After the diarrhoea has stopped, give the child at least one more meal than
usual each day for two weeks, using the same energy-rich foods that were given
during diarrhoea; undernourished children should follow this same regimen for an
even longer period (see Unit 7). The child should continue to receive these food
mixtures as his or her regular diet, even after extra meals are no longer
required. Antidiarrhoeal drugs, antiemetics and antibiotics
A wide variety of drugs or combinations of drugs is sold for the treatment of
acute diarrhoea and vomiting. "Antidiarrhoeal" drugs include: antimotility
agents (e.g., loperamide, diphenoxylate, codeine, tincture of opium), adsorbents
(e.g., kaolin, attapulgite, smectite), live bacterial cultures (e.g.,
Lactobacillus, Streptococcus faecium), and charcoal. Antiemetics
include phenergan and chlorpromazine. None of these has proved to have
practical benefits for children with acute diarrhoea, and some may have
dangerous side effects. These drugs should never be given to children
below 5 years of age.
Antibiotics also should not be used routinely; they are of benefit
only to children with dysentery or suspected cholera (see Units 5 and 6).

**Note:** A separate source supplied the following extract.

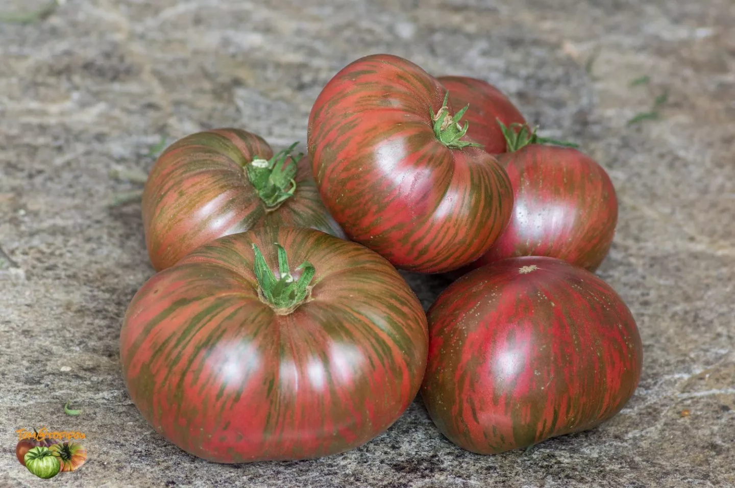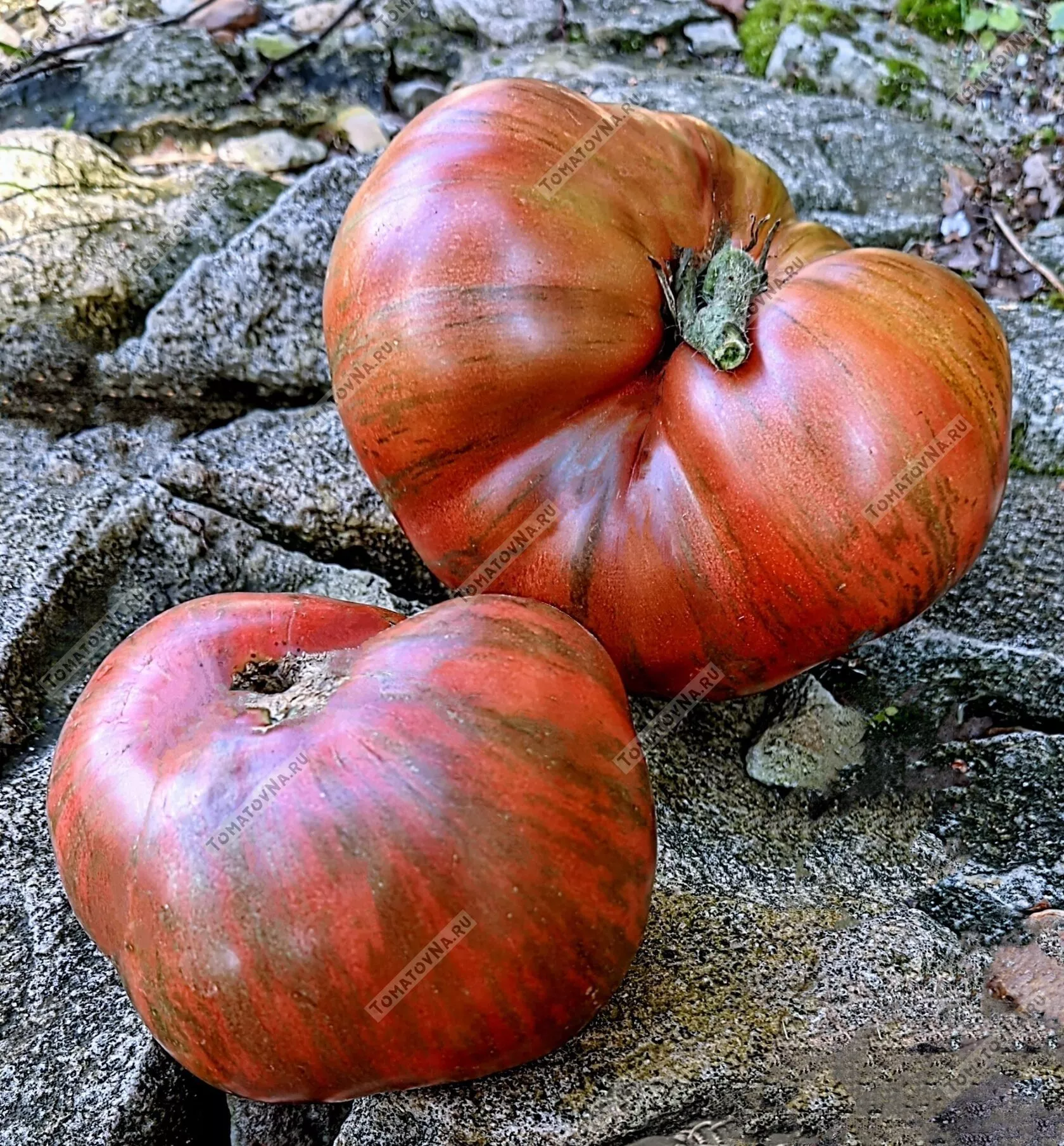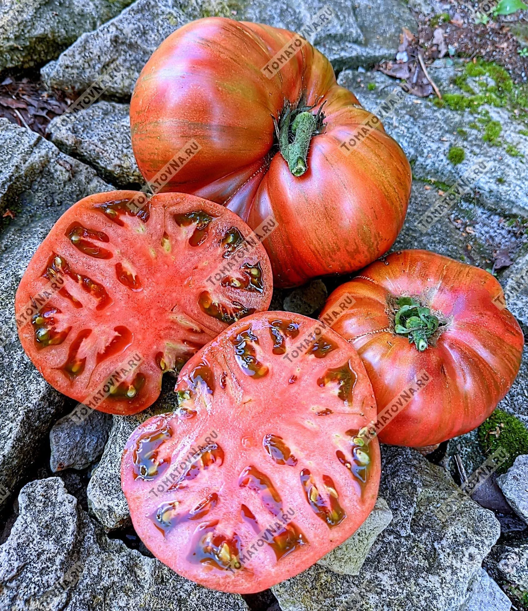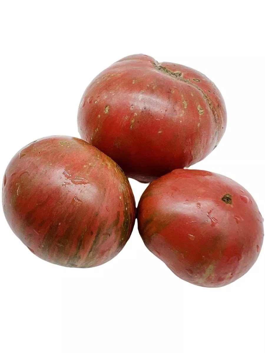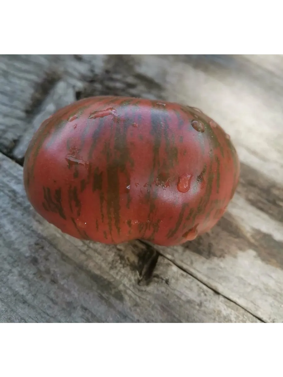 Полностью вызревший томат выглядит как мраморный или полосатый, с переливчатым эффектом. Окраска может варьироваться от плода к плоду даже на одном кусте, что только добавляет сорту визуальной привлекательности. Форма, как указано в характеристиках, плоскоокруглая, часто с выраженными ребрами – так называемыми «плечиками», которые придают плоду солидный, классический вид.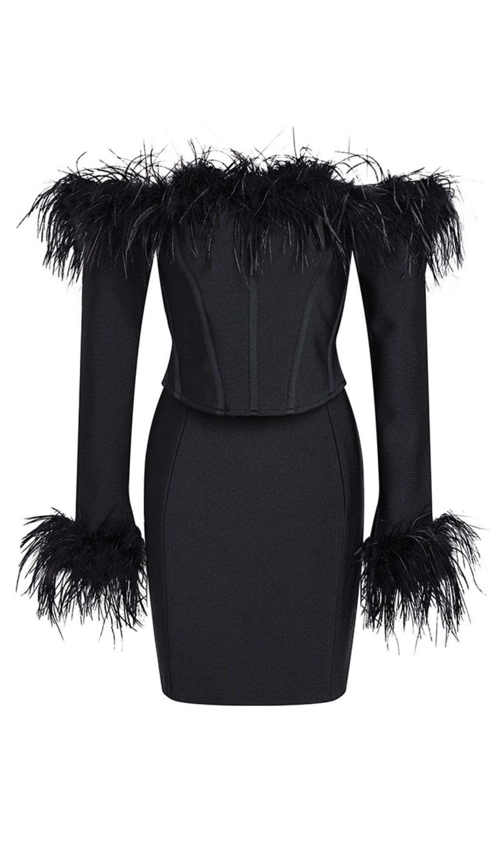 One of the standout features of this dress is the luxurious feather trim that lines the hem of the skirt. giving it a playful and feminine touch. The corseted bodice is also adorned with a delicate lace-up detail that adds a touch of glamour and sophistication.

Antiparasitic drugs are rarely indicated; their use is also described in
Unit 6).
The overuse of antidiarrhoeal and antiemetic drugs, antibiotics and
antiparasitic agents often delays the initiation of ORT or a visit to the health
facility to seek help; it also consumes precious financial resources of the
family unnecessarily. Problems in treating diarrhoea at home
The mother may encounter a variety of problems in treating her child with
diarrhoea at home. Most of these can be avoided or solved by ensuring that she
understands the importance of home treatment, is able to carry it out, knows
what difficulties to expect, and receives constructive help and encouragement
when problems arise. Table 4.1 describes some of the problems that are
encountered most frequently and possible ways of solving or preventing them.
When to take the child to a health worker
The mother should be taught to watch for signs of worsening diarrhoea,
dehydration, or any other serious problem. Symptoms the mother can recognize
which indicate that diarrhoea is worsening or that dehydration is developing
include:
the passage of many watery stools;
repeated vomiting;
increased thirst; and
failure to eat or drink normally.
Children with dehydration may also be
irritable and show no interest in playing. The mother should be instructed to
bring her child to a health facility if the diarrhoea does not improve after
three days, or if any of the signs described above appear. She should also bring
the child if other problems develop, such as:
fever; or
blood in the stool.
TALKING WITH MOTHERS
ABOUT HOME TREATMENT
Effective home treatment of diarrhoea can be given only by the child's mother
(or other caretaker). It is she who must prepare the oral fluid and give it
correctly, provide nutritious, well-prepared foods, and decide when the child
needs to return to the treatment centre. The mother can only do these tasks
correctly if she understands clearly what needs to be done and how to do it. The
best opportunity for a mother to learn about home treatment of diarrhoea is when
she brings her child to the treatment centre because the child has diarrhoea.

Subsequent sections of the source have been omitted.